9agent_id = "voice-agent-id"
10
11# 1. Create or Get Customer (Automated)
12client.create_or_get_customer(CustomerCreateOrGetRequest(
13 name="Customer Name",
14 external_id=customer_id
15))
16
17# 2. Define a unique session ID
18# Use your own unique session ID for this customer (e.g., call SID or UUID)
19session_id = f"voice_call_{int(time.time() * 1000)}"
20
21# 3. Initialize Voice Session
22client.initialize_voice_session(session_id, agent_id, customer_id)
23
24# 4. Track User Speech (STT Usage)
25client.track_voice_stt(session_id, {
26 'serviceProvider': ServiceProvider.DEEPGRAM,
27 'model': DeepgramSTTModels.NOVA_2,
28 'plan': 'default',
29 'audioDuration': 20 # audio duration in minutes
30})
31
32# 5. Track AI Processing (LLM Usage)
33client.track_voice_llm(session_id, {
34 'serviceProvider': ServiceProvider.OPENAI,
35 'model': 'gpt-4o',
36 'plan': 'default',
37 'promptTokens': 1000,
38 'completionTokens': 500
39})
40
41# 6. Track AI Speech (TTS Usage)
42client.track_voice_tts(session_id, {
43 'serviceProvider': ServiceProvider.AMAZON_POLLY,
44 'model': AmazonPollyTTSModels.NEURAL,
45 'plan': 'default',
46 'character_count': 28000
47})
48
49# 7. Final Step: Set Indicator with Call Duration (Minutes)
50client.set_voice_indicator(session_id, "voice_call_completed", 0.5)

How it Works

Step 1 — On-the-fly Onboarding

The create_or_get_customer method allows for frictionless user onboarding. If a customer with the external_id doesn’t exist, Paygent creates one automatically.

Step 2 — Session Context

initialize_voice_session sets up a billing context for the call. This ensures all subsequent STT, LLM, and TTS usage is grouped under this single call session.

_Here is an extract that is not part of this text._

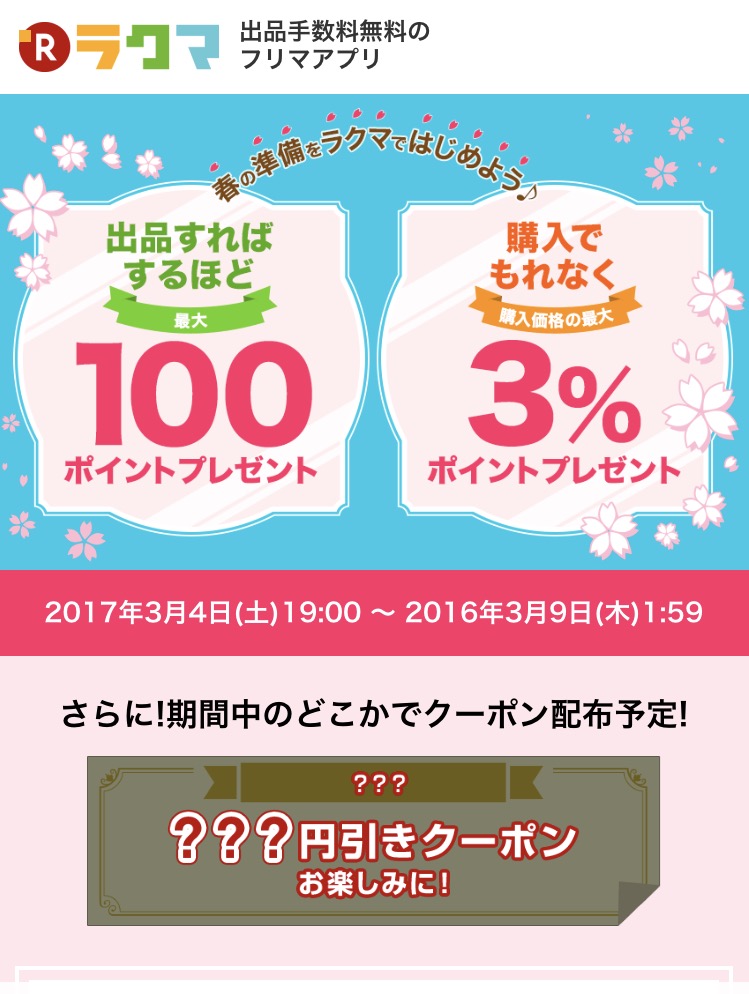 楽天が運営しているフリマアプリ『ラクマ』今日はこのラクマの活用法を紹介しようと思います。何といってもラクマが良いのは手数料無料というところ。フリマアプリといえばメルカリですが、手数料が10%て高すぎる!ですが私は両方共良いところがあるので使い分けています。メルカリは・利用人口が圧倒的に多い・宅急便が全国一律でしかも安い(送料込みの計算がし易い)・手数料が高い一方ラクマは・手数料が無料・楽天スーパーポイントが使える・人口が少ない・地域によって送料が違うので送料込みの設定にしずらい・宅配便コンパクト(小型の専用容器での配送)のみ全国一律で安い ※ネコポスも含むなので、小型で高価なものはラクマで、大型で安価な物はメルカリを基本的に利用してます。今話題のヤマト運輸の荷物増加はメルカリの配送も関わっていると思います。ラクマの良いところは楽天スーパーポイントが使えるんです。期間限定ポイントなど使い道に困ったら、一旦値減りしない商品に変えてしまえば、後で送料上乗せして転売するだけです。切手や商品券が良いと思います。少し損しても無効になるよりよっぽど良いですよね。又、転売後は売上金として残り、振り込みの手続きをすれば現金化が可能です。感の良い方は気付いてるかもしれませんが、架空取引は危険(違法?)ですのでやめましょう。上手く活用すれば自宅のゴミ候補が現金になります。なんでも出品して見てください。意外と売れるものですよ。更に3/9までのスパーセール中に使える100円クーポンも配布してます。皆さんに有益な情報を配信しています。良かったら他の記事も見てください。又、ラクマ新規登録は招待コードを入れれば100ポイントがお互いもらえるので良かったら使って下さい。(身元はお互い判らないので安心してください)

Step 3 — Detailed Analytics

Track every event within the voice pipeline. Paygent provides deep insights into which models are being used and the associated costs in real-time.

Step 4 — Final Outcome

Finalize the session with set_voice_indicator. Use the duration or outcome-based indicators to accurately bill your customers.